Research News

SLU Launches Trial for Zika Vaccine
June 28, 2016

Sarah George, M.D., Associate Professor of Infectious Diseases, is PI on a clinical trial to test a Zika virus vaccine. The trial will be conducted at the Center for Vaccine Development at SLU in partnership with a research site in Puerto Rico. The trial is set to begin in a few months.

Zika is a flavivirus spread by the Aedes mosquito, but can be transmitted sexually as well. Babies born to women who contracted the virus during pregnancy are often born with complications, including microcephaly and vision deficits. Developing a vaccine that can be given early in life could help protect future generations from the devastating effects of this virus.

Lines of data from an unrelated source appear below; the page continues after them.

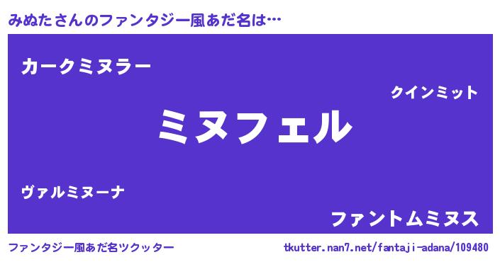 | ポケモン風あだ名 | 『ミヌゴンZ』『ミヌチュウ』 |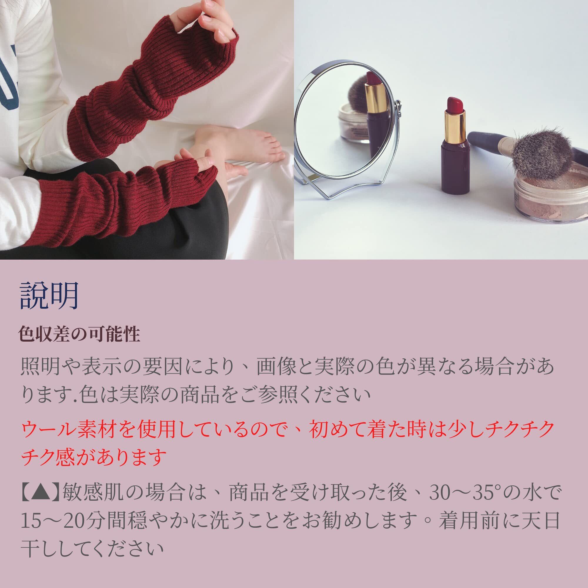 【極暖防寒】32%の羊毛(カシミヤ)が含まれており、保温効果が高く、生地が柔らかい。手につけるとすぐに温まり、チクチクしません。アームウォーマーの長さは35 CMで、肘を覆うほどなので、必要に応じて長さを調節してください。冬の防寒対 策に適しております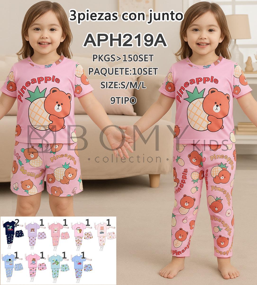 Conjunto de pijama de 3 piezas para niños con estampado de oso y piña-APH219A

For more information, read the full article in Newslink.

Teague Publishes Findings to Improve Cancer Studies
June 2, 2016

Ryan Teague, Ph.D., Associate Professor of Molecular Microbiology and Immunology, recently published a Feature Review article in the June 2016 issue of Trends in Immunology detailing ways in which researchers could better design cancer studies using animal models.

Because most cancer patients are elderly, studies on immunotherapy and cancer should include older mice, since the immune systems grows less reponsive with age. In addition, using obese mice in these types of studies would also make the results more relevant to real patients, since obesity and different microbe populations in the gut can affect how well immune therapies might work.

For more information, read the full article in Newslink.

New Treatment for Pancreatic Fibrosis
April 14, 2016

Barbara Ulmasov, Ph.D., Associate Research Professor of Gastroenterology, recently published a paper in Cellular and Molecular Gastroenterology and Hepatology reporting her findings on a possible new treatment for pancreatic fibrosis. The study was done in a mouse model of the disease.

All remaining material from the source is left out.